Quetiapine’s misuse profile likely stems from its strong sedating effects at low doses. People sometimes use it as a sleep aid, an anxiety reducer, or to come down from stimulants. This is a pattern of misuse, but it’s different from the compulsive, escalating use seen with classically addictive drugs. The sedation is the draw, not euphoria.
Why Tapering Matters
Because the brain adapts to antipsychotics, stopping safely requires a slow, gradual reduction rather than quitting cold turkey. Research published in Schizophrenia Bulletin suggests a specific approach: reducing by about one quarter of the most recent dose every three to six months, with each successive reduction being smaller than the last. This “hyperbolic” tapering method accounts for the fact that dopamine receptor blockade doesn’t decrease in a straight line as the dose drops. Small dose reductions at lower doses have a disproportionately large effect on brain chemistry.

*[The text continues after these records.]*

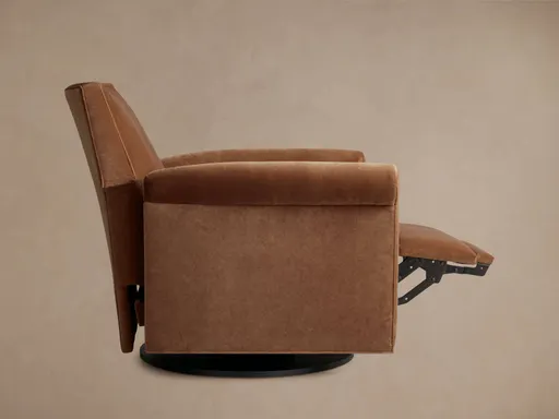 A true celebration of craftsmanship, our Rudy Collection is inspired by vintage French designs. Crafted by our North Carolina upholstery artisans working with some of the finest materials sourced around the world. Frames are craftsman-built using cross-directional hardwood laminate. Frame support system features flexible elastic webbing. Seat cushions contain dense foam made from partially plant-based material, padded with a blend of sterilized down and feathers. Backrests are filled with a supportive blend of poly fibers and back frame system is sustained by flexible elastic webbing. Solid steel swivel mechanisms are bolted to frames for lasting strength and reliability, allowing 360-degree rotation. The Rudy Collection is available in multiple pieces and customizable fabrics, leathers, and finishes. Call, email, or live chat with our Design Team to create your own. We want you to love your Rudy as much as we do. We recommend ordering a material swatch prior to purchase, ensuring the perfect color choice. Lounge Chair (non-swivel) and Ottoman are also available by special order.
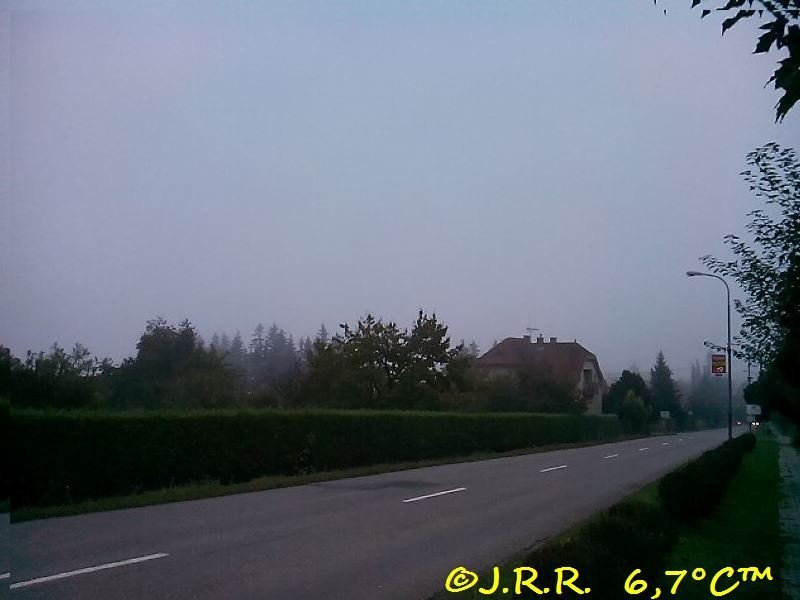 Skoro zataženo, bezvětří až vánek, vlhkost 93%, jemné mrholení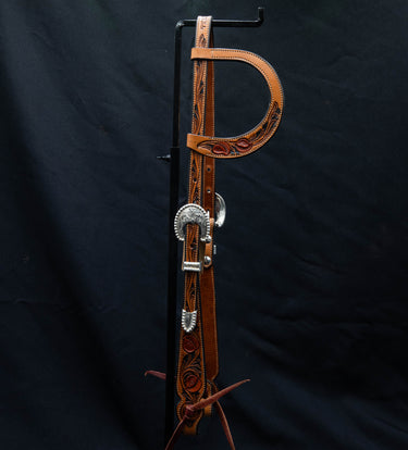 Light Brown and Black Floral Carved Slide Ear Headstall with Saddle Tan Leaves
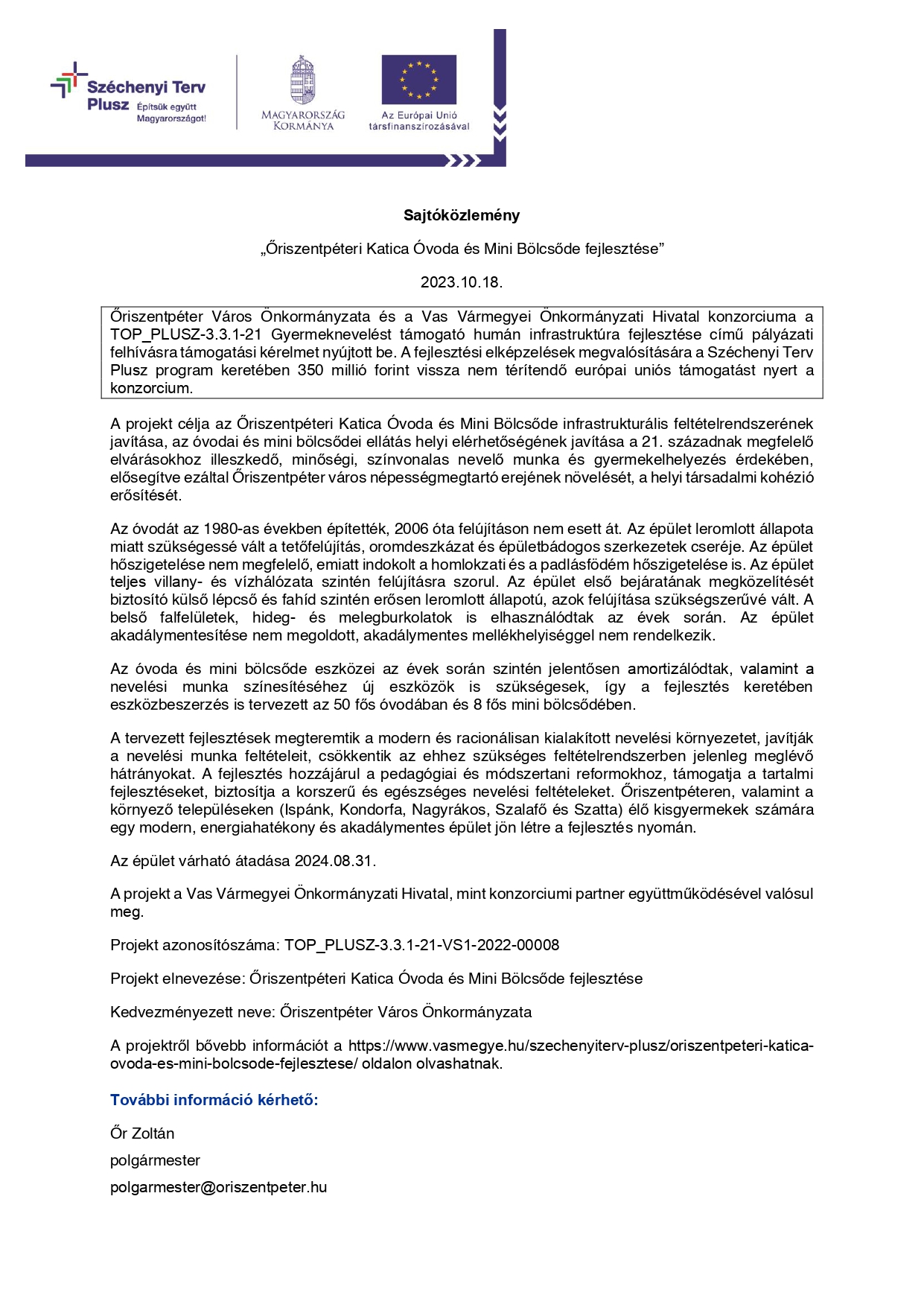 A projektmenedzsmenti, illetve a nyilvánossági és tájékoztatási feladatokat a projektben konzorciumi tagként részt vevő Vas Vármegyei Önkormányzati Hivatal látja el folyamatosan. A nyilvánossági feladatok biztosítása során elkészült a tervezett fejlesztést bemutató szórólap, melyet a város közintézményeiben helyeztek ki a település lakosainak tájékoztatása érdekében. 2023. október 18-án megtartották a projekt első sajtónyilvános rendezvényét is, melyen már részt vettek az óvoda felújítása, illetve a játszótér kialakítása vonatkozásában nyertes ajánlatot adó vállalkozások képviselői is.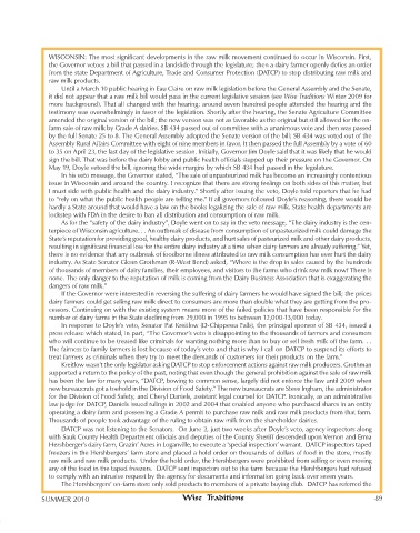 WISCONSIN: The most significant developments in the raw milk movement continued to occur in Wisconsin. First,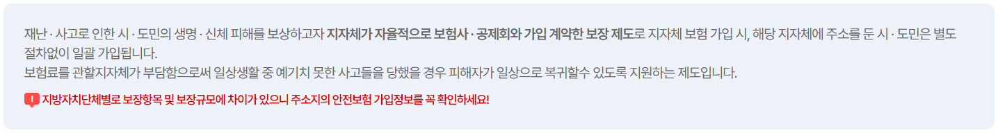 지자체별로 보장 항목과 보장 금액이 다를 수 있으므로, 거주하고 있는 지자체의 시민안전보험 내용을 확인하는 것이 중요합니다.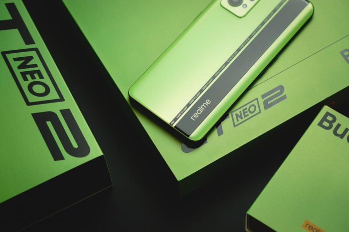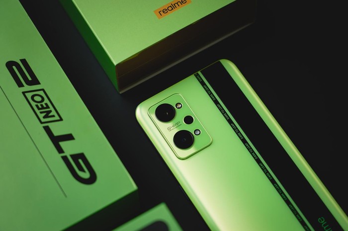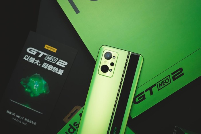 采用6.62英寸最新三星E4屏,支持120Hz刷新率,最高触控报点率600Hz,100% P3广色域,2400x1080FHD+分辨率,屏占比高达92.60%,最高局部峰值亮度1300nit,PPI为397,采用GG5大猩猩5代玻璃,同时支持DC调光,E4屏幕相比上代产品,能够节省15%电量且视觉效果出色。真我GT Neo2是行业唯一一台使用高饱和度荧光绿颜色的手机,采用了多层纳米光学镀膜工艺,使整体的后壳色彩饱和度对比普通工艺提升50%,鲜艳的荧光绿与纯黑色碰撞,强烈而和谐。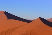 Enkel in Namibië kleurt het zand zo rood en de lucht zo blauw waardoor deze schitterende zandduinen zo mooi afsteken tegen de lucht. Gemaakt vanaf Dune 45, Sossusvlei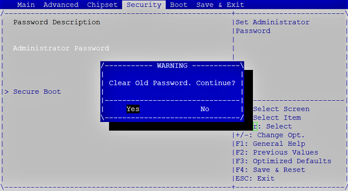 Dans la fenêtre WARNING, sélectionnez Yes et appuyez sur [Entrée].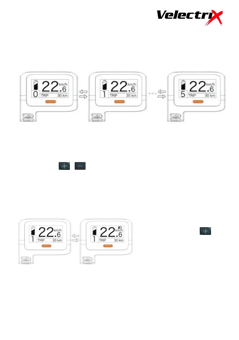 minus buttons to change between the levels. Pedal assist does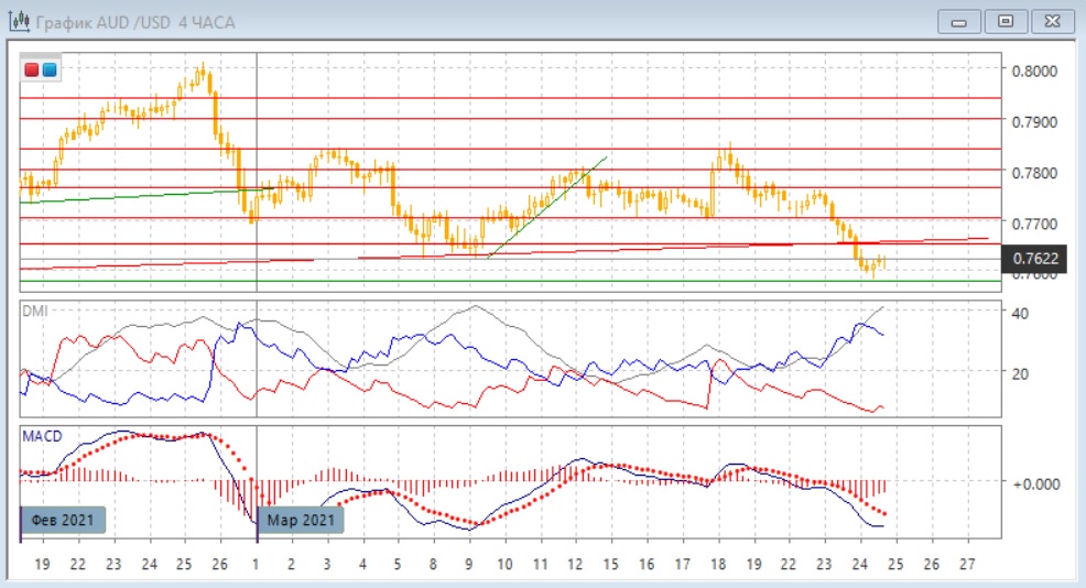 На четырёхчасовом графике пара преодолела важный в этом масштабе уровень поддержки 0,7650, от которого пара выросла в 5-8 марта. Текущий отскок в верх в среду может объясняться достижением "круглого" уровня 0,7600, так как для австралийского доллара круглые уровни обычно срабатывают как поддержка или сопротивление, хотя бы краткосрочно. Размер роста от 0,7600 невелик, и, вероятно, снижение возобновится. По индикаторам направленного движения тенденция снижения сильная: превышение DM- над DM+ очень большое, ADX на высоком уровне, гистограмма MACD в отрицательной зоне, линия MACD имеет отрицательный наклон.

Some people prefer an even more cautious pace, reducing by 10% or less of their most recent dose each month. The process can take months or even years depending on how long someone has been on the medication and how their body responds. After each reduction, a waiting period of three to six months allows enough time to see whether withdrawal symptoms or signs of relapse emerge before making the next cut.
This gradual approach is important precisely because of receptor upregulation. Each dose reduction gives the brain time to recalibrate, slowly reducing the number of extra dopamine receptors it built up during treatment. Rushing this process increases the risk of both uncomfortable withdrawal symptoms and rebound psychosis.
Dependence Without Addiction
The confusion between dependence and addiction is understandable. Both involve the body adapting to a substance, and both can produce withdrawal symptoms. But addiction requires a psychological component: craving, compulsive use, loss of control, and continued use despite harm. Antipsychotics don’t produce these patterns in the vast majority of people who take them. If anything, the most common problem is the opposite: people stopping their medication too soon because the side effects feel worse than the benefits.
Your body will adjust to antipsychotics over time, and stopping abruptly can make you feel genuinely unwell. That’s a reason to work with a prescriber on a careful tapering plan, not a sign that the medication has you hooked. The distinction matters because fear of addiction keeps some people from starting or continuing medications that meaningfully improve their quality of life.